Most animals do not eat continuously, so they can be either in an absorptive state (food in the gut) or in a postabsorptive state (no food in the gut). Nutrient requirements for energy metabolism and biosynthesis are continuous, however. Thus nutrient traffic must be controlled so that reserves accumulate in the liver, muscle, and adipose (fat) tissue while the animal is in the absorptive state and are then used efficiently during the postabsorptive state. When fuel molecules are abundant in the blood, the liver stores them in the form of glycogen and fats. The liver also synthesizes blood plasma proteins from circulating amino acids. When levels of fuel molecules in the blood decline, the liver taps its reserves and delivers nutrients into the blood.
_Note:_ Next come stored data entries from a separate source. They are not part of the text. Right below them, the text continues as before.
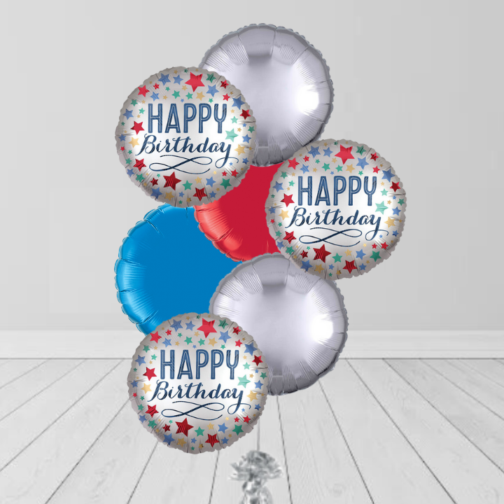 3x Happy Birthday Stars foil 18″ balloons with 4 circle foil balloons In complimentary colours
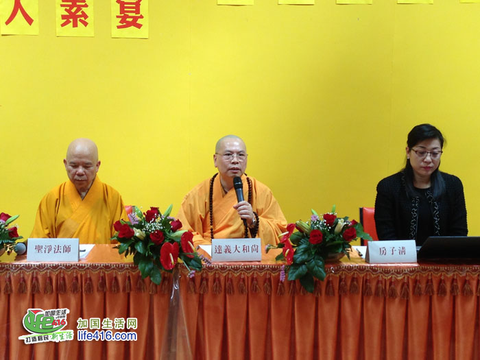 加拿大佛教会会长、湛山精舍主持达义大和尚介绍说,今年恰逢湛山精舍三位长老来加拿大弘法五十周年。五十年来,汉传佛教在加拿大从无到有、从小到大、从默默无闻到影响广泛,半个世纪的风云激荡,半个地球的薪火相传,三代人开拓耕耘,湛山精舍成为汉传佛教在北美传播历史的最佳见证。湛山精舍四众弟子格外珍视湛山大德倡导的智慧慈悲、护生放生的功德。所以,对今年的千人素宴贺佛诞格外重视。
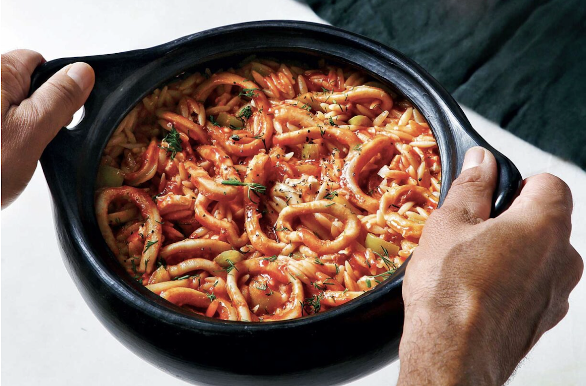Μελωμένο φαγάκι με λαχταριστά καλαμαράκια, πλούσια ντοματένια σάλτσα μαγειρεμένα με κριθαράκι και μπόλικη φέτα.

The liver has an enormous capacity to interconvert fuel molecules. Liver cells convert monosaccharides into either glycogen or fats during the absorptive state and then can reverse the process, returning glucose to the blood during the postabsorptive state. The liver can also convert certain amino acids and some other molecules, such as pyruvate and lactate, into glucose—the process of gluconeogenesis (see Figure 9.14). Gluconeogenesis provides an indirect pathway for exercising muscle to contribute to blood glucose levels. At high levels of aerobic activity, muscle cells break down their stores of glycogen to provide glucose for metabolic fuel. The glucose released from muscle glycogen, however, has to be used in the cells that produce it. Glucose cannot leave muscle cells as it can leave liver cells. However, when the activity of the muscle becomes anaerobic, pyruvate and lactate build up, leave muscle cells, and enter the circulation. Circulating pyruvate and lactate are taken up by the liver and converted to glucose that can then move out of the liver cells, circulate in the blood, and be taken up by muscle cells.